**Data shown:**
######

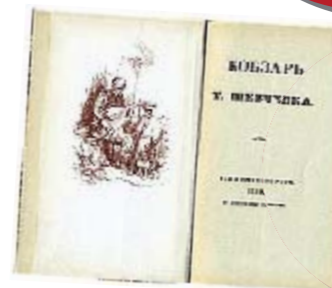
«КОБЗАРЬ» Тараса Шевченко 1840 года — $20 тыс. Прижизненное издание. Хранится в библиотеке Вернадского.

Источник: библиотеки, эксперт антикварного букинистического магазина «Классика» Юрий Егоров
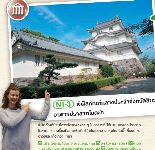
NI-3 พิพิธภัณฑ์กลางประจำจังหวัดชิบะ อาคารปราสาทโตะเกกิ

เป็นรถไฟสายท้องถิ่นที่เปิดทำการเดินทางเดียว มีชื่อเสียงโด่งดังในด้านรถไฟเชิงกิจกรรม อาทิเช่น ขบวนรถไฟที่สามารถเพลิดเพลินกับอาหารแบบคันตงได้ ฯลฯ ☎ 0470-82-2161 ☑ มีรอบเดินรถไฟไป-กลับ 15 รอบในวันธรรมดา ใน 1 ชั่วโมง จะมีบริการ 1 เที่ยว ☑ จองล่วงหน้าขบวนรถไฟ 1 วัน 1,000 เยน ☑

######

**Task to carry out:** Would you please repeat, exactly as written, the lines from the one containing "NI-3 พิพิธภัณฑ์กลางประจำจังหวัดชิบะ อาคารปราสาทโตะเกกิ" through the end of the listing above, including both, and only those?

**The answer:**
NI-3 พิพิธภัณฑ์กลางประจำจังหวัดชิบะ อาคารปราสาทโตะเกกิ

เป็นรถไฟสายท้องถิ่นที่เปิดทำการเดินทางเดียว มีชื่อเสียงโด่งดังในด้านรถไฟเชิงกิจกรรม อาทิเช่น ขบวนรถไฟที่สามารถเพลิดเพลินกับอาหารแบบคันตงได้ ฯลฯ ☎ 0470-82-2161 ☑ มีรอบเดินรถไฟไป-กลับ 15 รอบในวันธรรมดา ใน 1 ชั่วโมง จะมีบริการ 1 เที่ยว ☑ จองล่วงหน้าขบวนรถไฟ 1 วัน 1,000 เยน ☑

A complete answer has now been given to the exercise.